How Should Packaging Be Addressed in Your Food Safety Program?


How Should Packaging Be Addressed in Your Food Safety Program?

In the April-May 2011 issue of Food Safety Magazine, an article entitled “How Should Packaging Be Addressed in Your Food Safety Program” examined the role of packaging and potential safety issues.[1] The food package, whether it is the primary or secondary package, serves a number of roles: It protects the food, provides the consumer with information, helps market the food, warns customers of potential dangers (such as from allergens), provides a container for transport, allows the product to be tracked and traced, and can even provide evidence as to how a product might have become contaminated or spoiled. Packaging was described as being able to inform a consumer or user about how fresh a product might be. The conclusion was that food packaging was generally safe, primarily because all materials used in packaging are subject to approval by regulatory agencies, such as the U.S. Food and Drug Administration (FDA) or the European Food Safety Authority.

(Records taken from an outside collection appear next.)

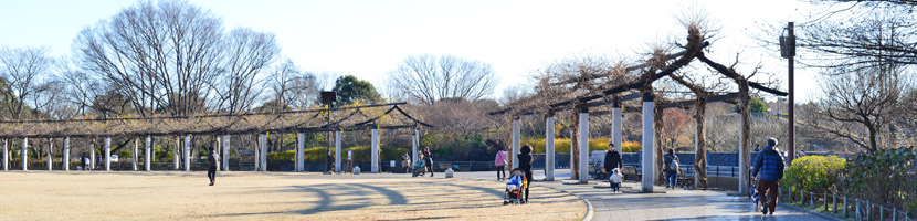 ![]() 武蔵国分寺公園の泉地区と西元地区を繋ぐ「ふれあいばし」から見た東西の景色。
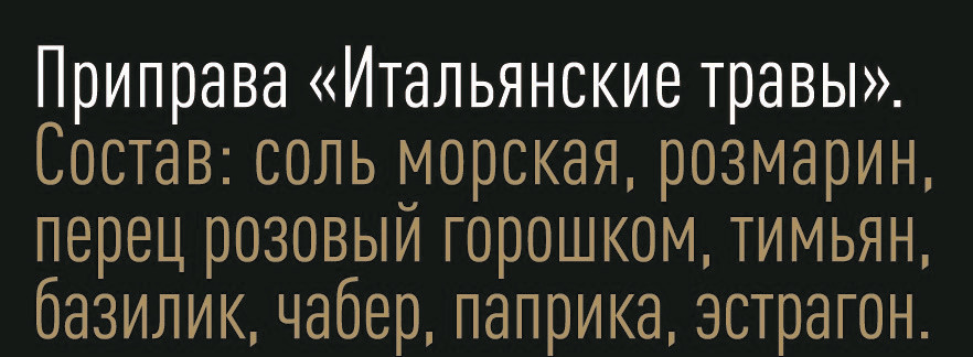 Соль морская, розмарин, тимьян, паприка, базилик, чабер, эстрагон, перец розовый горошком.
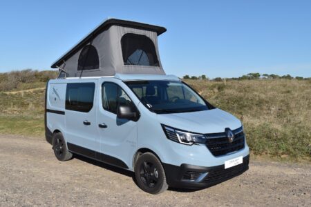 L’Auto-Loisirs WE n’est pas un nouveau modèle, mais il a été profondément repensé cette année. Sur Trafic Court (5,08m), ce van entièrement fabriqué en France hérite d’un confortable niveau d’équipement : petit toit relevable de type champignon permettant de se tenir debout à l’intérieur, table sur trépied, banquette 3 places coulissante et convertible en couchage extra-large (187 x 150 cm), batterie auxiliaire 110Ah, isolation renforcée des ouvrants, des parois et du plancher…
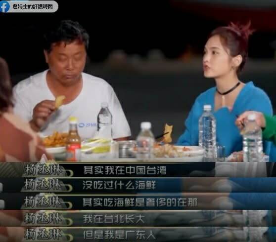 主角是土生土長的台灣藝人楊丞琳,一開始是圍剿她自稱是廣東人,隔一天是炮火全開,直接抨擊她居然說在台灣吃海鮮是奢侈的。是造謠生事、侮辱台灣,但是還原她在節目中的講話。她是這樣說的:
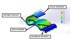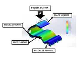 La prótesis estuvo sometida a una fuerza de 500N, al aplicar esta fuerza descendente (A) (Figura 3), en la placa superior, se logra distribuir y desplazar las cargas en todo el pie protésico (B) (Figura 3), haciendo énfasis en dos puntos sistema cóncavo y arco plantar que equivale a los apoyos antero interno y externo; esto describe el esfuerzo normal que llega a soportar el material sin sufrir deformaciones.
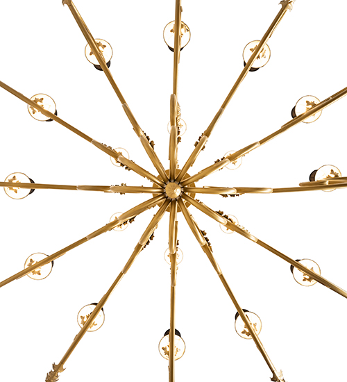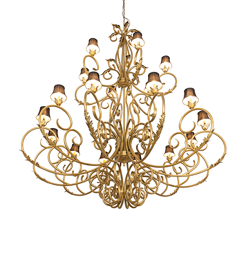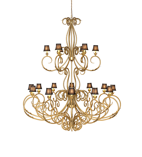 Defining luxurious charm and elegance, Alexandria features an elaborate design with scrolled arms and acanthus leaf accents in a stunning Spanish Gold finish. Two tiers of graceful faux candlelights crowned with Black Trumpet Shades, 18 in total, are perched on floral bobeches. American artistry is perfected by years of time honored artistry, passed down generations of master artisans. Custom crafted in the USA, this chandelier is available in custom sizes, styles, and colors, as well as dimmable energy efficient lamping options. This 84-inch wide fixture is UL and cUL listed for dry and damp locations however we do not recommend installing it in spaces that experience a large amount of moisture.
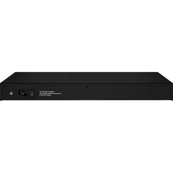 - Порты: 24 x FE (10/100 Base-T) с поддержкой PoE (IEEE 802.3af/at), 4 x GE Combo Uplink (RJ45 + SFP)
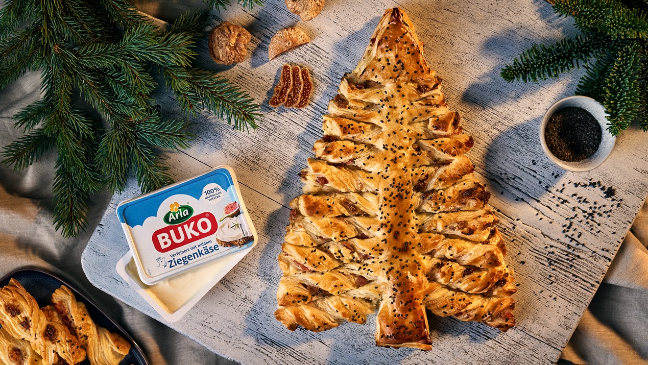 Herzhaft, knusprig, köstlich. Dieser besondere Weihnachtsbaum hat’s in sich. Und noch schöner: Die Zubereitung für diesen Festtagsschmaus ist überraschend einfach. Für die Füllung des Blätterteig-Weihnachtsbaums kommen allerlei winterliche Aromen zusammen, wie Rosmarin, Pinienkerne, knuspriger Speck und getrocknete Feigen. Der Blätterteig wird großzügig mit mildem Ziegenkäse bestrichen und mit der Füllung belegt. Vor dem Backen schneidest du den Blätterteig in die Form eines Tannenbaums, wodurch er nicht nur geschmacklich, sondern auch optisch zum Highlight wird. Mit einer Glasur aus Eigelb und Schwarzkümmel verfeinert, wandert das Bäumchen in den Ofen. Dort verwandelt er sich in eine goldbraune Köstlichkeit mit herrlich knuspriger Textur. Serviere den Blätterteig-Weihnachtsbaum noch warm, deine Gäste werden staunen.
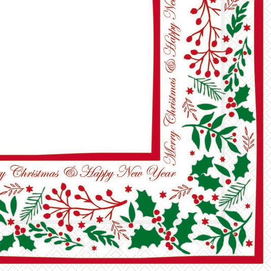 40cm 3Ply Jolly Holly Serviettes per 100

So, the question is, has anything changed in the past 5 years? Does packaging pose a risk, and how should it be addressed in your food safety management system (FSMS)?

Hot Issues in Packaging

Consumers have developed a fear of chemicals, which is not scientifically justified. The attitude of many is “If I can’t pronounce it, I don’t want it in my food.” This has led to the clean-label movement, in which food processors are scrambling to remove the unpronounceable ingredients from their labels, whether they are harmful or not.

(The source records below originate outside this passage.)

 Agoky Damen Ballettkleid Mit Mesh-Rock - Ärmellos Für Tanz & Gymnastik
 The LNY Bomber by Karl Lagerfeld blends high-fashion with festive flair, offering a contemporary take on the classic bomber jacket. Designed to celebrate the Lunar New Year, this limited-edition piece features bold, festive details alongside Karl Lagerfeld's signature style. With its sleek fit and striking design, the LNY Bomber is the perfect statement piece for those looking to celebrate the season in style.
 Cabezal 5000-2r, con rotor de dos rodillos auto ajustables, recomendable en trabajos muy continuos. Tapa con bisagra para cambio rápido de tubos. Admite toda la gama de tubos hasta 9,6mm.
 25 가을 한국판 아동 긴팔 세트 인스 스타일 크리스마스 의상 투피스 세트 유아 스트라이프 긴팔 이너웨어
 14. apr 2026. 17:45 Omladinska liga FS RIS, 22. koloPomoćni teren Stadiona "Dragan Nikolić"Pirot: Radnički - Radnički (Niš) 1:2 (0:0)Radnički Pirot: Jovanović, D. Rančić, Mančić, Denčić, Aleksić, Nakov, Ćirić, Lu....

Five years ago, one of the big consumer concerns was a chemical called bisphenol A (BPA). BPA is an industrial chemical used to make a hard, clear plastic known as polycarbonate, which has been used in many consumer products, including reusable water bottles and baby bottles. BPA is also found in epoxy resins, which act as a protective lining inside metal-based food and beverage cans. In January 2010, FDA stated that while tests supported the safety of low-level exposure to BPA, more research was being done on its potential effects on infants and children.